Sands President Robert DeSalvio wouldn't comment on the matter, but city officials acknowledged that demolition of former Bethlehem Steel land is proving to be more difficult than the developers expected.

Not only are concrete foundations thicker and deeper than anyone figured, but the ore pit where the casino will be built must be filled and the fill compacted before the first brick can be laid.

"If it's delay, and that's still an if, it will be disappointing but not surprising," said Tony Hanna, Bethlehem's director of community and economic development.

"That's a brownfield site, and they picked the toughest area of the site to locate the casino.
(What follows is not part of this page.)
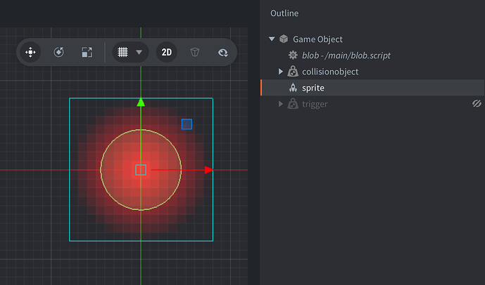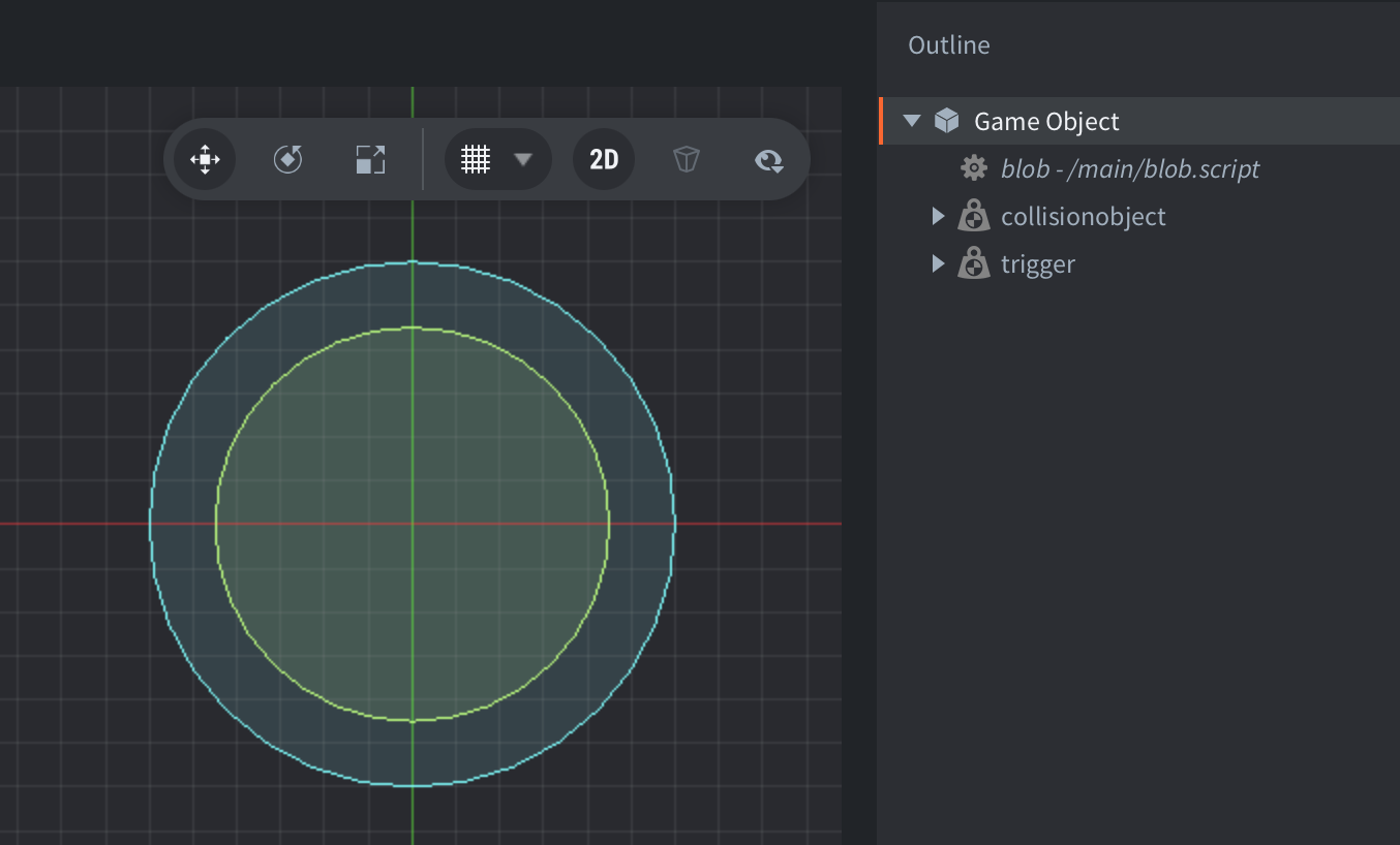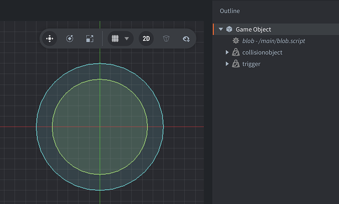 Each blob the game drops is actually made of 4 separate “ball” game objects. The balls have 2 collision objects, one of type Dynamic to control their movement and collisions, and one slightly bigger of type Trigger used in the linking process. Each trigger is assigned a certain physics group and mask, corresponding to the different blob colors. Once a trigger event fires, I create_joint

I'd rather them do this right than rush to make some deadline."

Sands BethWorks is building a $600 million development that's to include a casino with 3,000 slot machines, a 300-room hotel, an events center and a shopping mall.

Sands originally planned a July 2008 opening, but pushed that back to December 2008.

Now it appears the project could be pushed into 2009, as demolition crews try to plow through the massive former steel buildings.

"There's a lot more concrete down there than anyone anticipated," said Frank Devlin, Sands director of construction. "You look into some of those foundations and they just keep going down and down."

That's because those aren't just ordinary building foundations, said Charlie Martin, a former Bethlehem Steel chief engineer.

Some have walls that are 6 feet thick, and some include concrete pits that sink an additional 15 feet into the ground.

Several of the building foundations, including those for the steel foundry and the roll foundry, were built not only to support those buildings, but also massive overhead cranes.

"Some of those cranes had weight capacities of more than 100 tons," Martin said. "Oh, they're going to have fun with those foundations."